販売部数1位!ファッション誌「リンネル」を支持する「暮らし系女子」とは?

 1997年をピークに22年連続で出版販売額が減少し続けている月刊誌。インターネットやスマートフォンの登場により、情報はわざわざ書店で買う必要がないと思う人が増えたのではないだろうか。そんな厳しい出版業界の中でも売上を伸ばし続けている月刊誌がある。宝島社が発刊するファッション雑誌「リンネル」だ。2019年下半期の販売部数が前年同期比伸長率122%と部数を伸ばし、書店、コンビニの両方でファッション誌販売部数二期連続1位になるなど破竹の勢いだ。

 この「リンネル」は“丁寧で心地よい暮らし”をコンセプトにしたファッション&ライフスタイル情報がメインの雑誌で、「暮らし系女子」と称される読者の年齢層は10代〜60代とかなり幅広い。
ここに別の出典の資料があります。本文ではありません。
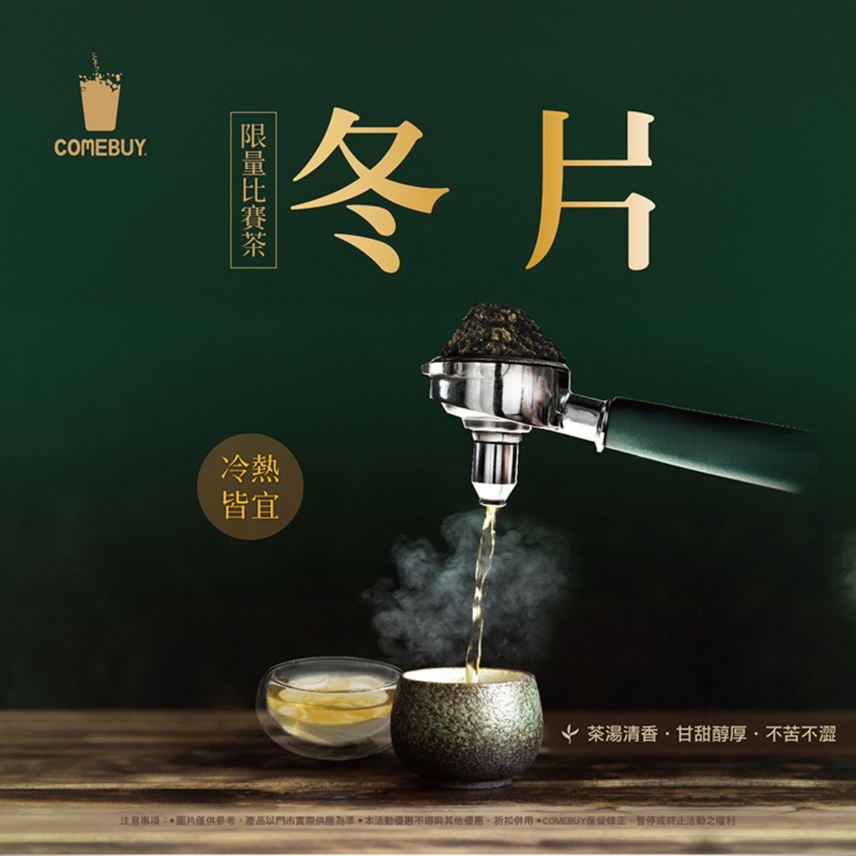 COMEBUY的「冬片茶」回歸啦!又來到一年一度的比賽時節,嚴選今年剛比完賽的南投好茶,茶湯清香、甘甜醇厚、不苦不澀,喝一口唇齒間迴繞特殊花香,搭配專屬杯身及貼紙儀式感滿,售完為止,錯過就要再等1年。

定価1250円と月刊誌としてはやや高く感じる価格設定だが、ハンディ扇風機やステンレスボトルなどといった普段使いしやすい雑貨が付録についているため、その付録目当ての読者も少なくない。

 「リンネル」のヒットの理由は豪華な付録だけでなく、コンセプトにもなっているいわゆる“丁寧な暮らし”のブームも大きな要因のひとつだという。

「リンネルが創刊された2010年、同時期に“丁寧な暮らし”が注目されはじめました。ギラギラした張り切ったおしゃれをするのではなく、ゆったりとした自然素材のワンピースを着て、普段サッと済ませてしまいがちな家事にこだわりを見つけ、裁縫や刺繍を楽しんだり、休日はカフェと骨董市をめぐるような余裕のある暮らしを心がけることですね。普段の何気ないオフの時間も充実させたいと考える女性の憧れの生活です。」(出版業界関係者)

 インスタグラムではハッシュタグ「#丁寧な暮らし」をつけた投稿が170万投稿にものぼり、自作のぬか床を紹介する動画や、果実酒をつくってみた記録など暮らし系女子たちのさまざまな“丁寧な暮らし”が投稿されている。

 インターネットやスマホなどの機械の普及した今、暮らし系女子は敢えて紙媒体の「リンネル」を手に取ることで、効率化や時短がばかりが求められる現代社会から距離を置いて、暮らしのゆとりを楽しんでいるのだろう。